Now, a tour of Harry’s garage.  And there’s a sequel to this, in the very next post.

Kim’s Garage

No of course it doesn’t exist — for one thing, I’m not a zillionaire like Harry Metcalfe, and nor have I been a petrolhead like Harry for decades.

That doesn’t mean I wouldn’t (and who wouldn’t?) like to have a 10-car garage like Harry’s, filled with all my dream cars.  The only question:  could I keep it to only 10?  Let’s have a look, and they’re not in any order of preference.

Firstly, Longtime Loyal Readers will not be surprised by any of the cars in my garage, because they’ve heard me bang on about them for years.  So I’ll start with the most-frequently-mentioned ones:

1972 Dino 246 GT

Okay, honestly:  it was Ferrari’s first attempt at an entry-level Ferrari — Old Man Enzo didn’t even want to badge it as a Ferrari, at first — and it’s not really a very good drive, by Ferrari standards.  The gear shift is clunky and the clutch needs Lou Ferrigno muscles to work if you’re driving it in stop-start traffic. But:  it is to my mind, and to the minds of many others, one of (if not the most) beautiful cars ever built.  And if like me you will occasionally say, “The hell with function;  what about the form?” then you’re not going to quibble (kinda like Salma Hayek’s inability to make a decent fish ‘n chips:  who cares?).

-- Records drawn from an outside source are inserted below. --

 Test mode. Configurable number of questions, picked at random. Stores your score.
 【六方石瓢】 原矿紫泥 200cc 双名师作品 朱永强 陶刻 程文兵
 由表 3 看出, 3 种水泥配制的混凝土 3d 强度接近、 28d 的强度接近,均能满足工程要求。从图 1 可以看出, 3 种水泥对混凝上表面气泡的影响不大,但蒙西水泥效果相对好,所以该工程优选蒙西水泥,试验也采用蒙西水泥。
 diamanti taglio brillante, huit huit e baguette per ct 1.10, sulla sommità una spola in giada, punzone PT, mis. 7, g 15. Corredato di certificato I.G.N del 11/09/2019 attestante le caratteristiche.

The same is true of the next one in Kim’s Garage:

1966 Jaguar E-type Series 2 Speedster

Yes, I’d probably prefer to have the resto-modded Eagle version, but truthfully, I don’t care.  And this car needs no justification, because E-type.

2001 BMW Z8

BMW’s successor to the 1959 Model 507, it’s one of the very few “modern” (made in the 21st century) cars that made me catch my breath the minute I saw it for the first time.  As did the next one:

2015 Maserati GT

It has a Ferrari 4.7-liter V8 engine, and looks to put Lollobrigida in the shade;  what’s not to worship?  But enough of the youngins.  Let’s go back in time a tad…

1954 Mercedes 300 SC

Quite possibly one of the best cars Mercedes has ever built.  The engineers were told to design a car that could cruise at top speed all day on the autobahn without ever suffering a mechanical breakdown of any kind.  So they did.  (I’d even accept the larger 300 S sedan model of the same year — same car, really.)

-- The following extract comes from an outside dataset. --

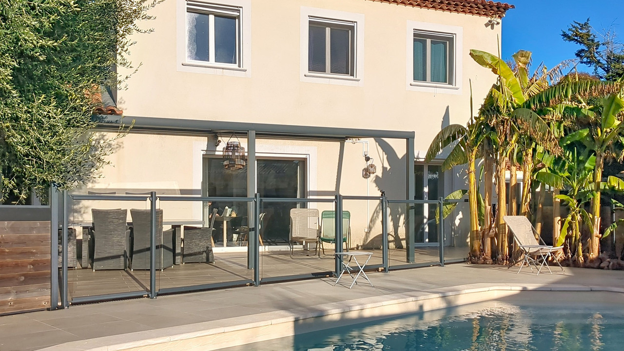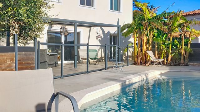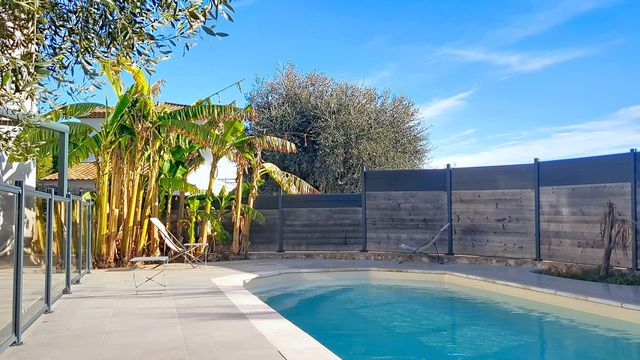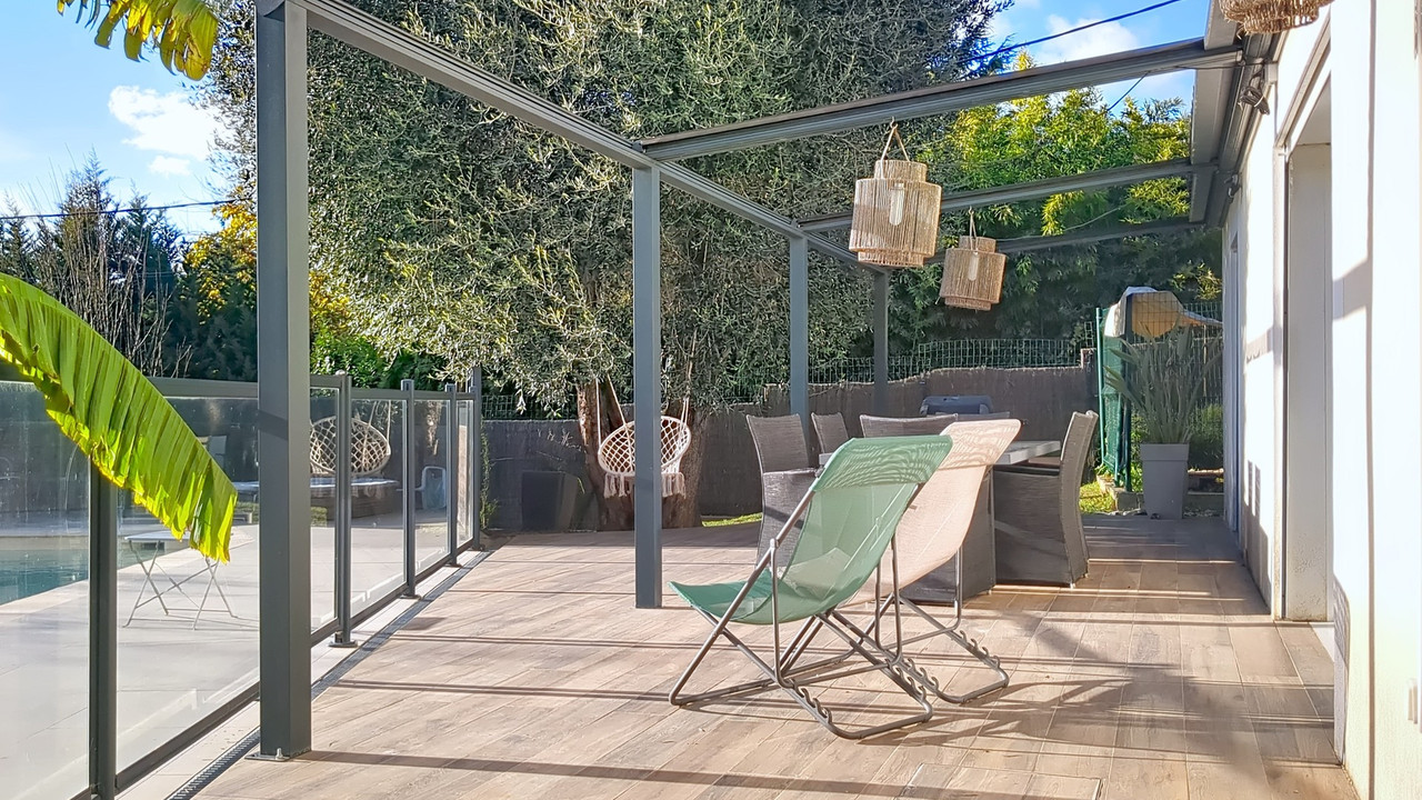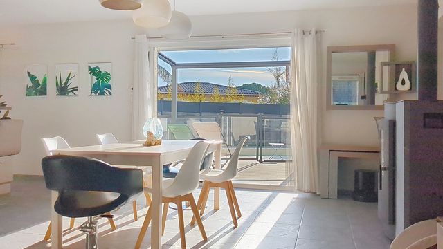 It opens directly onto a pleasant terrace and the swimming pool, creating an indoor-outdoor living space perfect for family meals, relaxing moments, and convivial evenings with friends. A converted garage completes this property, offering additional space that can be adapted to your needs (storage, gym, workshop, etc.). Warm, elegant, and bathed in light, this house is a true invitation to family life in a peaceful and sought-after location.

1967 Austin Healey 3000 Mk III

Yeah I know:  oil leaks, Lucas electrical system, blah blah blah.  Don’t care, I love it dearly.  As I do the next sports car:

1970 Alfa Romeo Giulia GT Junior

Alfa pura.  Tiny, raucous, spunky and glorious.  Like the next one.

1966 Mini-Moke

Not the modern electrical one;  this is the underpowered runaround with the famed Mini 850cc engine;  famous, that is, for being the engine that when you put your throttle flat to the floor:  nothing happens.  And speaking of underpowered runarounds;  if I couldn’t find the older Austin Moke, then I’d get a decent substitute:

1960 Fiat 500 Jolly

Just the wicker seats alone make this worth the price of admission.  But let’s get serious, now…

1976 Mercedes 450 SEL 6.9

The Q-ship of the Mercedes line, with a standard W116 frame that concealed a roaring 6.9-liter V8 monster under the hood.  What the 1954 Merc engineers would have designed if they’d had the technology.  (In today’s money, it cost the equivalent of $195,000 back then.)  This, and the ’54 300 SC would be my “refined” drives.

At some point, I have to acknowledge that several of the sports cars listed above would be, shall we say “occasional” drives, the occasions being that they were actually working and not in the shop.  So for the last one, I’m going to go for reliability above all.

1994 Honda NSX

It’s the sports-car equivalent of the two Mercedes on the list:  reliable to a fault, but with all the grunt I’d ever want or need.  And it’s not bad looking, either.  (I don’t like the more recent model NSX because it’s pig-ugly and vulgar.)